Colpito da un masso è in fin di vita: i medici “infrangono” le regole e lo salvano
Cronaca - di Redazione - 8 Ottobre 2017 alle 12:18
Colpito da un masso al torace rischia di morire, oggi Paolo Caldara, 21 anni, è salvo solo perché i medici hanno “violato” il manuale. «Abbiamo fatto l’esatto contrario di quello che si insegna ai medici di tutto il mondo — dice il rianimatore Luca Lorini al Corriere della Sera —. Un grande rischio, ma l’alternativa era vederlo morire senza potere fare nulla». È domenica 3 settembre, alla tv stanno per dare il Gran Premio di Monza, fuori ci sono 25 gradi. Luca Lorini, 56 anni, da venti alla guida del dipartimento d’Emergenza-Urgenza del Papa Giovanni XXIII di Bergamo, è a casa pronto a godersi un pomeriggio di Formula 1 con i figli. Paolo Caldara decide di fare una gita con quattro amici al Rifugio Coca in Valbondione, 1.892 metri di quota per una passeggiata di tre ore amata dai bergamaschi. Il medico non vedrà mai vincere Lewis Hamilton, perché alle 12 e 18 minuti lo chiamano dall’ospedale: «C’è un giovane in arresto cardiaco, è appena stato stabilizzato ma le condizioni restano gravissime. Pressione minima a 46, 69 di massima. Tre litri di sangue perso, i polmoni devastati, una lesione tracheale e la vena renale sconnessa. L’emorragia è troppo grave, non si può operare».

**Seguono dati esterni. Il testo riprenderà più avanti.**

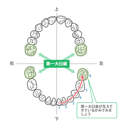 小学生になったら子どもがみがいた後、点検の目的でみがいてあげます。永久歯が正常に生えてきているかどうかも、チェックしましょう。

Rischia di morire e lo attaccano all’Ecmo
Un attimo dopo, racconta ancora il Corriere della Sera, papà Claudio e mamma Albertina si sentono dire: «Purtroppo non abbiamo tempo di spiegarvi nei dettagli, perché tra pochi minuti Paolo rischia di essere morto. Ma se ci date l’autorizzazione vogliamo provare a salvarlo con una tecnica che i manuali di medicina sconsigliano». Nella disperazione più totale non resta che pregare e affidarsi ai medici: «Fate quello che pensate sia meglio». Paolo di lì a poco viene attaccato all’Ecmo, la macchina che si sostituisce al cuore e ai polmoni e permette la circolazione extracorporea. È una decisione azzardata: «Le linee guida internazionali dicono che questo trattamento non va utilizzato in caso di emorragia perché può portare alla morte del paziente — spiega Lorini — Per fare funzionare al meglio l’Ecmo, infatti, bisogna somministrare un farmaco che si chiama eparina e serve per rendere il sangue fluido e non rischiare trombosi. In questa situazione non potevamo farlo perché Paolo, già sanguinante, sarebbe morto. Allora abbiamo infranto le regole. Siamo andati avanti per dieci giorni, cercando di capire di ora in ora che cosa stava avvenendo. Non esistono casi simili in letteratura».